PROBLEM STATEMENT -> Beginning with the line that holds "by Kasia Woroniecka Curator of Collections" and ending with the last line of the entries, please output each line exactly, apart from any pictures.

**** GIVEN RECORDS

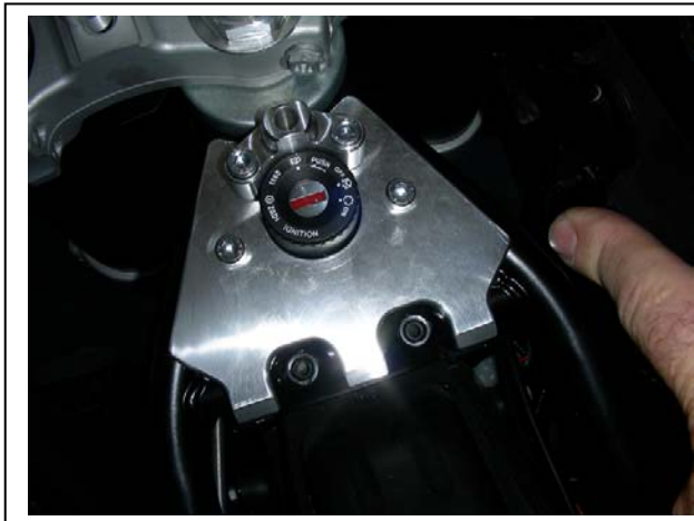
Move the top plate around until it's centered
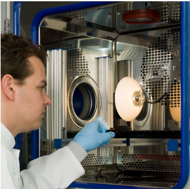
Figure 6 Temperature response testing at Hukseflux
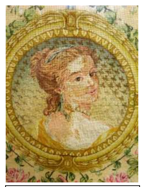
27"x 36" Tapestry from the Merci Train, depicting Comtesse Du Barry, courtier and mistress of King Louis XV. (pre-beheading)

by Kasia Woroniecka Curator of Collections
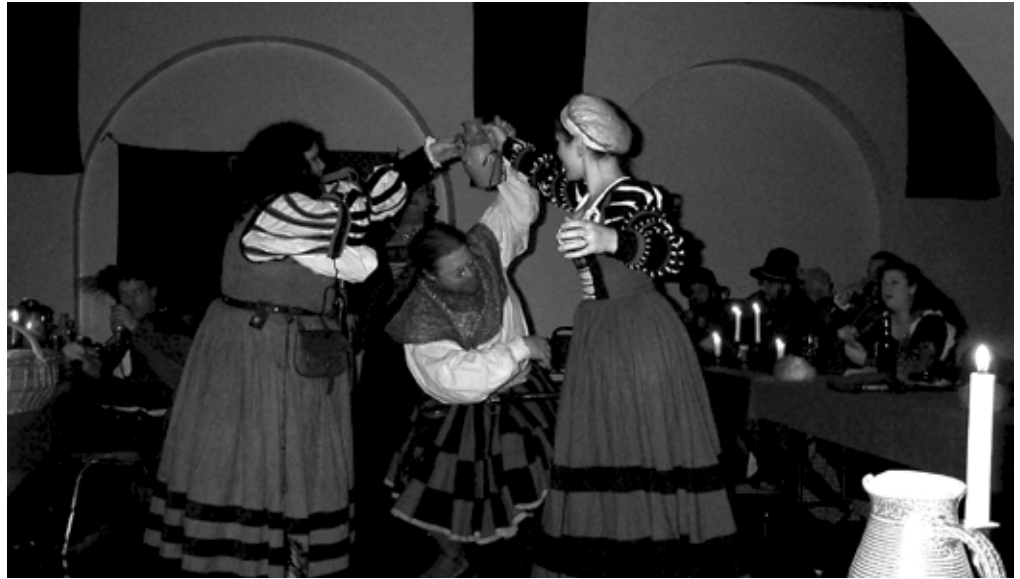
Members of the March of St. Michael perform the Nuremburg Beer Dance for an appreciative audience.

********

TASK ANSWER ->
by Kasia Woroniecka Curator of Collections
Members of the March of St. Michael perform the Nuremburg Beer Dance for an appreciative audience.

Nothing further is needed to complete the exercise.